BEGIN DATA UNDER STUDY
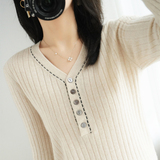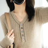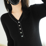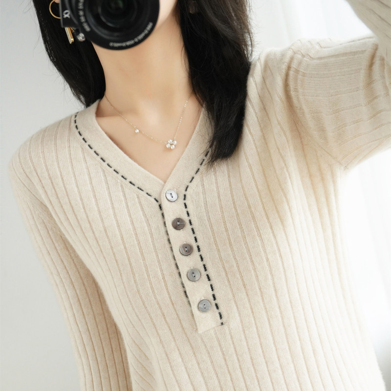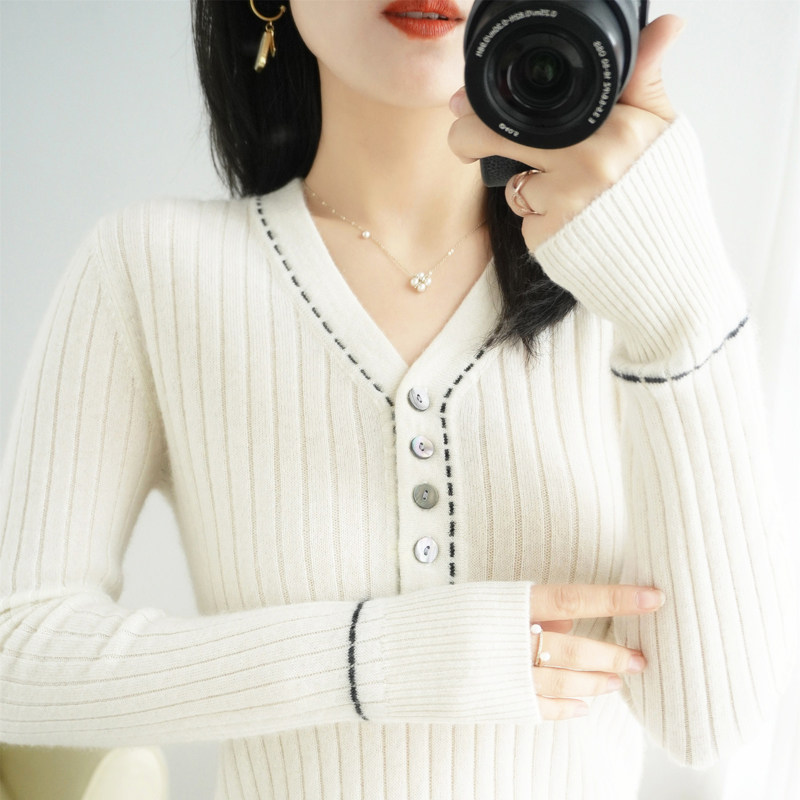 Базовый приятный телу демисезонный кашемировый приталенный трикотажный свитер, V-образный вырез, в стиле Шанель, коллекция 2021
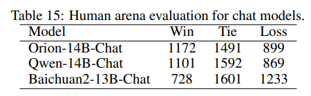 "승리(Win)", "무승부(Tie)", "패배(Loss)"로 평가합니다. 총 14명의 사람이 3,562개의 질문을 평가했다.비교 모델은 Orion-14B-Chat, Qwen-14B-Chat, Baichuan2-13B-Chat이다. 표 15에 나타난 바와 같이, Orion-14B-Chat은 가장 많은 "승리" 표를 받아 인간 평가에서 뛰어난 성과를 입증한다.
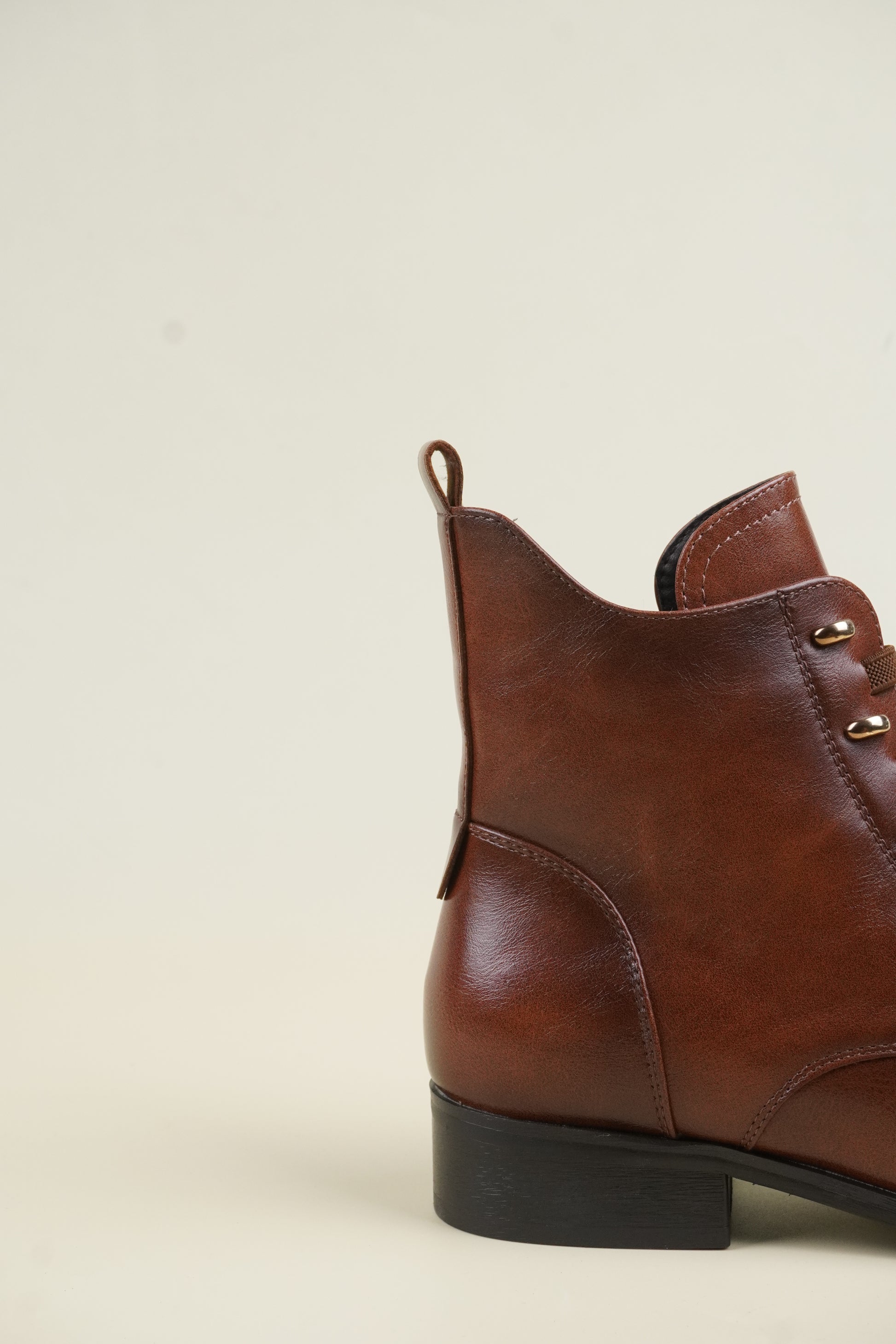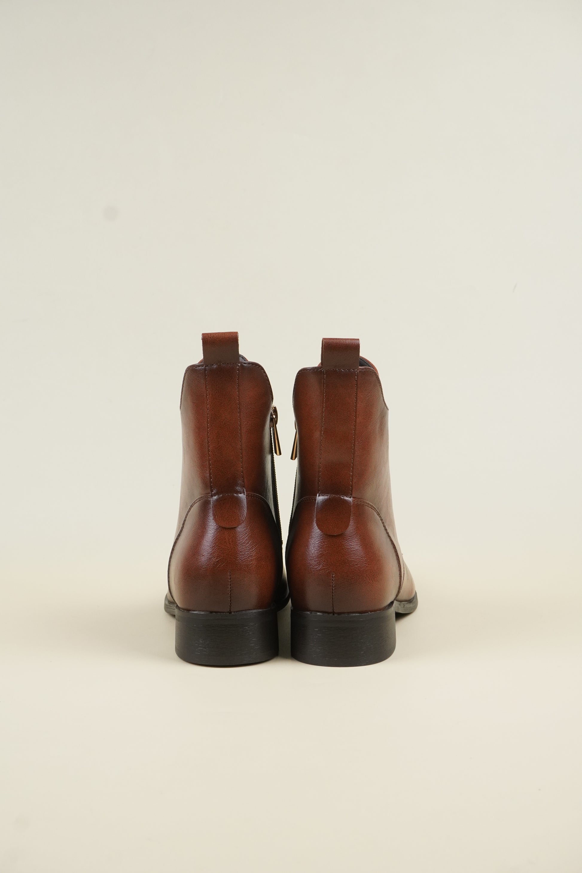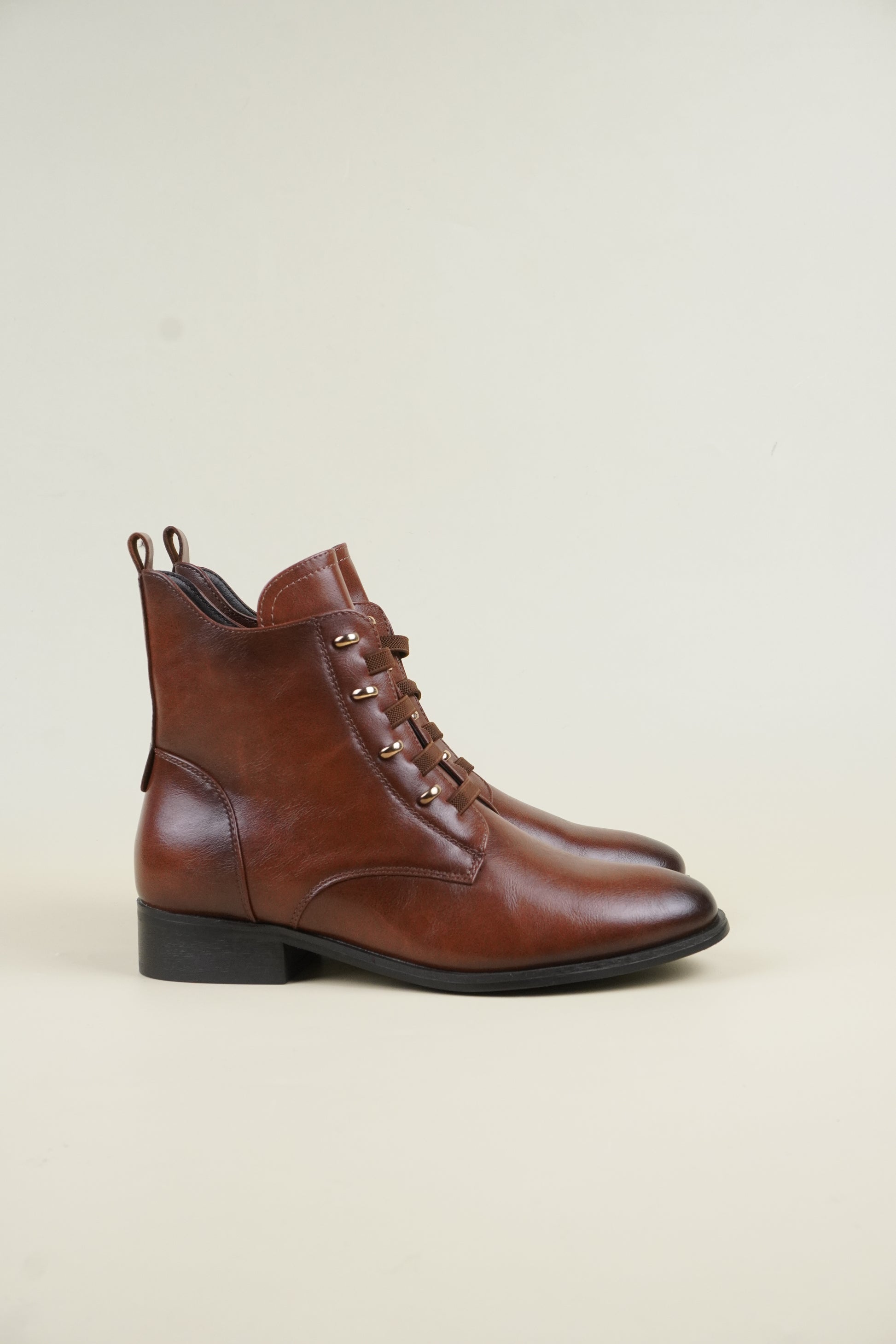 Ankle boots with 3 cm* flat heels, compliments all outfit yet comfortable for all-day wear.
END DATA UNDER STUDY
BEGIN DATA UNDER STUDY
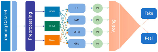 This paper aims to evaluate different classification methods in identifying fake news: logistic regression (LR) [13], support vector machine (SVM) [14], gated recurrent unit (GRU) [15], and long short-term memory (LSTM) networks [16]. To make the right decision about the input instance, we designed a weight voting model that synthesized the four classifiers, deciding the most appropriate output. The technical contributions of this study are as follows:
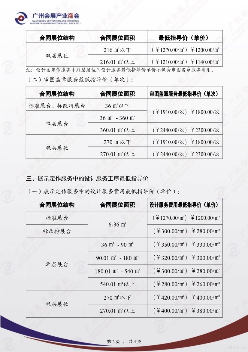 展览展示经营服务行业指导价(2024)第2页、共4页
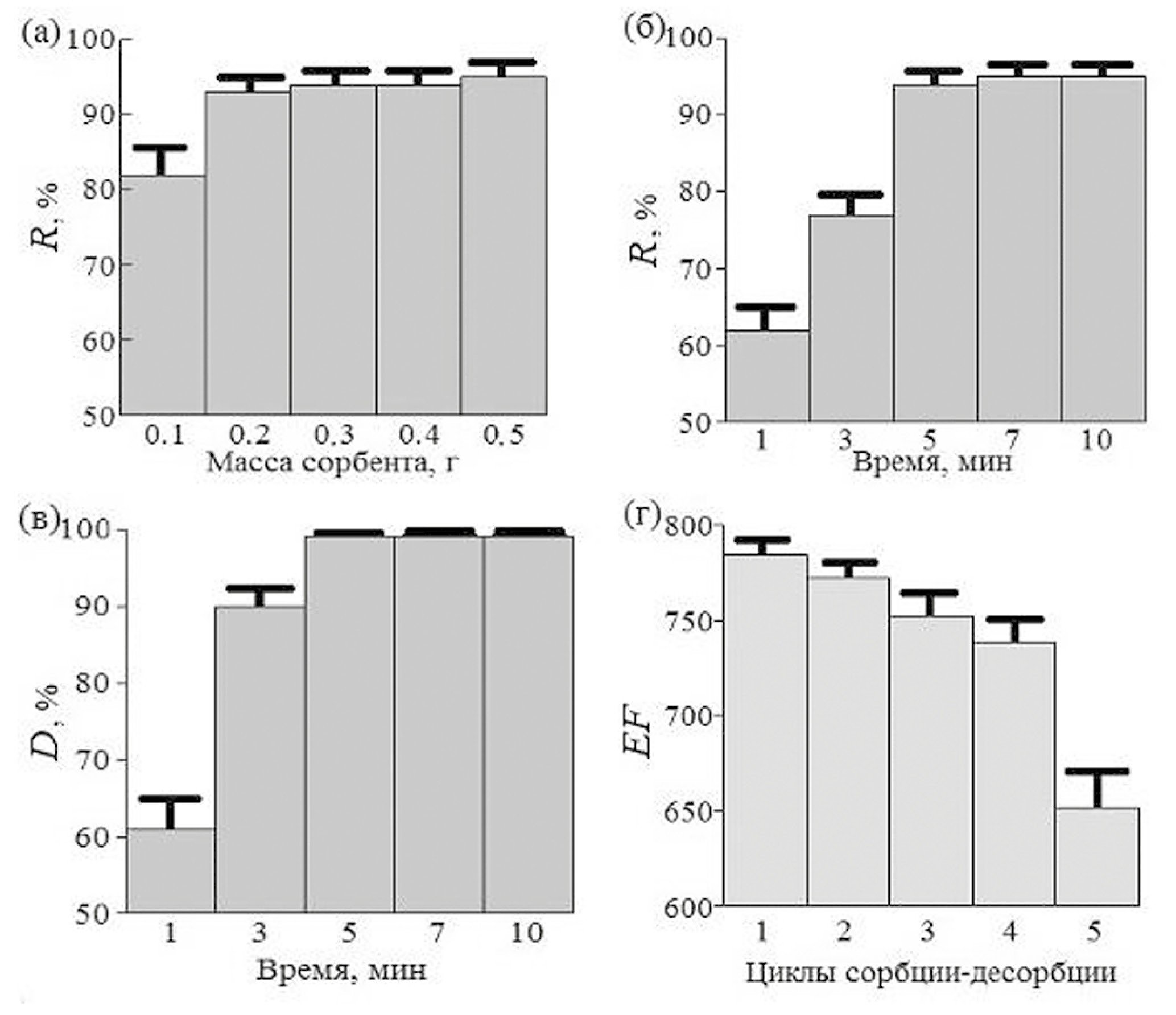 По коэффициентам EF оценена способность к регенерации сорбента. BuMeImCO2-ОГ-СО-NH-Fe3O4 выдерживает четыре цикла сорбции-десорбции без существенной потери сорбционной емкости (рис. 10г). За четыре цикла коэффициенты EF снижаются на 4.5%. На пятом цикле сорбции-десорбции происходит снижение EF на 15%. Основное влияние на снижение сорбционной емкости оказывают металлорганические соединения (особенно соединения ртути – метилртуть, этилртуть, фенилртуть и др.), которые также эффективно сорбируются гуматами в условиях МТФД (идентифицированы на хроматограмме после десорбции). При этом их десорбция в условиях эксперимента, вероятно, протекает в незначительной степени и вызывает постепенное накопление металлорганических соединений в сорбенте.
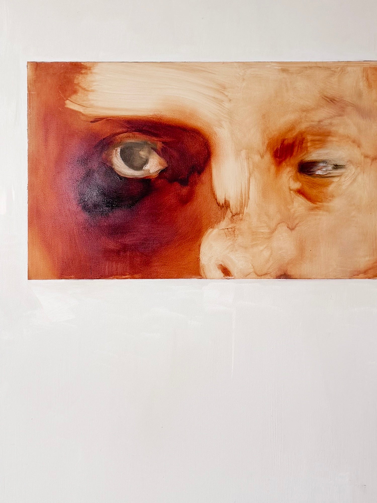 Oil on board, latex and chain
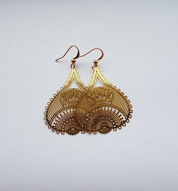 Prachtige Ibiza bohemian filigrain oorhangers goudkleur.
END DATA UNDER STUDY
BEGIN DATA UNDER STUDY
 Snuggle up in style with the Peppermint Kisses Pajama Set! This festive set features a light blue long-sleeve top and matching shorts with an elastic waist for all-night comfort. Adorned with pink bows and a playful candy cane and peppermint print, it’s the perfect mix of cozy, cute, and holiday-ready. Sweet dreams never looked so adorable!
END DATA UNDER STUDY
WORK INSTRUCTIONS: The copy should hold only the lines from the one with "По коэффициентам EF" through the one with "Prachtige Ibiza bohemian", exactly as they stand above. Leave out the pictures.

WRITTEN ANSWER:
 По коэффициентам EF оценена способность к регенерации сорбента. BuMeImCO2-ОГ-СО-NH-Fe3O4 выдерживает четыре цикла сорбции-десорбции без существенной потери сорбционной емкости (рис. 10г). За четыре цикла коэффициенты EF снижаются на 4.5%. На пятом цикле сорбции-десорбции происходит снижение EF на 15%. Основное влияние на снижение сорбционной емкости оказывают металлорганические соединения (особенно соединения ртути – метилртуть, этилртуть, фенилртуть и др.), которые также эффективно сорбируются гуматами в условиях МТФД (идентифицированы на хроматограмме после десорбции). При этом их десорбция в условиях эксперимента, вероятно, протекает в незначительной степени и вызывает постепенное накопление металлорганических соединений в сорбенте.
 Oil on board, latex and chain
 Prachtige Ibiza bohemian filigrain oorhangers goudkleur.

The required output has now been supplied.